Syriac music old Syrian music (Aramaic music)

The Syriac ritual ecclesiastical was considered an extension to the Paganism rituals which were widespread in the Aramaic statelets before Christianity. Theater and music took the basic part in the Paganism rituals. They, the Paganism rituals, were full of Drama to express the conflict between the Goddess and the Man, and between Goddess with each…


31/10/2018

The Syriac ritual ecclesiastical was considered an extension to the Paganism rituals which were widespread in the Aramaic statelets before Christianity. Theater and music took the basic part in the Paganism rituals. They, the Paganism rituals, were full of Drama to express the conflict between the Goddess and the Man, and between Goddess with each other. But after Christianity, this ancestral Drama started to fed away in the Syriac ritual ecclesiastical and it was limited in the (Holy Week).

The rest of the ecclesiastical rituals used the folk songs that were widespread in the area of ( Syria and Mesopotamia), religious ritual texts were framed according to this folk songs to be fit with the tones.
The folk songs were described as active, vitality and varied in tones and rhythms.

The Syriac folk songs emanated from 8 basic tones, each tone was 4 musical consecutive degrees, which is (half musical scale in the new concept). The tones differ from each other by the different dimensions Buzzes between its degrees, these eight melodies ( Tatra cord ) were widespread in Greece and Syriacs, but it was not precisely known who was the former in finding it. But these tones were considered to be the basic forming to the hole Eastern musical scales (Maqams), which is still currently in use in the Middle East, West Asia and North Africa.

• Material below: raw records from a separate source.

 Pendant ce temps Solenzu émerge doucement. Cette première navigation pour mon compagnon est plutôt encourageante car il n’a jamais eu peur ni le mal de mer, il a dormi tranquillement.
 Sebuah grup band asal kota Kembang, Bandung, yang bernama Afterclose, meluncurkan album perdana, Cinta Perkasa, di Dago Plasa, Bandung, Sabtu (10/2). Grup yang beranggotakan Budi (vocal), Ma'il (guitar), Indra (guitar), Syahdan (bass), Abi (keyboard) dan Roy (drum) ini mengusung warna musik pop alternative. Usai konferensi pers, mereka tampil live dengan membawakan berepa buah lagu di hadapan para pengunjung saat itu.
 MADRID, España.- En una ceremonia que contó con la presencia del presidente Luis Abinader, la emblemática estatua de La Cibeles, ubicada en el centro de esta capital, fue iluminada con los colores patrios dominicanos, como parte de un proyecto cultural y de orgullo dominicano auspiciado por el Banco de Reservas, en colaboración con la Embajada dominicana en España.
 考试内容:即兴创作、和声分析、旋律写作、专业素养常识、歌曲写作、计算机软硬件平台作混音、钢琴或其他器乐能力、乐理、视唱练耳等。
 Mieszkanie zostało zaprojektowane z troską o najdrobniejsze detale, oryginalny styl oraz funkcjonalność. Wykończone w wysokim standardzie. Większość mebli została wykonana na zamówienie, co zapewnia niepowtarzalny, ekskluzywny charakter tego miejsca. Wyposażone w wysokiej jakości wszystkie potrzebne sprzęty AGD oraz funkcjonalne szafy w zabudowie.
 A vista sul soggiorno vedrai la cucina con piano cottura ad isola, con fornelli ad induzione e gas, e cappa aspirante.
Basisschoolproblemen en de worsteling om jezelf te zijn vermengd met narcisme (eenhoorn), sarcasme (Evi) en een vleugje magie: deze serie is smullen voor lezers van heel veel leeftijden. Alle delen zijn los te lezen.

The old folk songs with its texts were perceived in the Syriac rituals ecclesiastical and developed with its development. A lot of rituals and melodies were added to the Syriac rituals ecclesiastical by Syriacs musicians and monks, and these, new rituals and melodies, preserve the simple folk spirit in that melodies.

Some of the Syriac rituals melodies were used after the expansion of Islam in the region, but its texts were replaced by Islamic religious texts or worldly texts written in the Arabic Language.

Thus these tones that were already folks have lived and moved through periods, religions and civilizations to reach our ears today in the twenty-first century.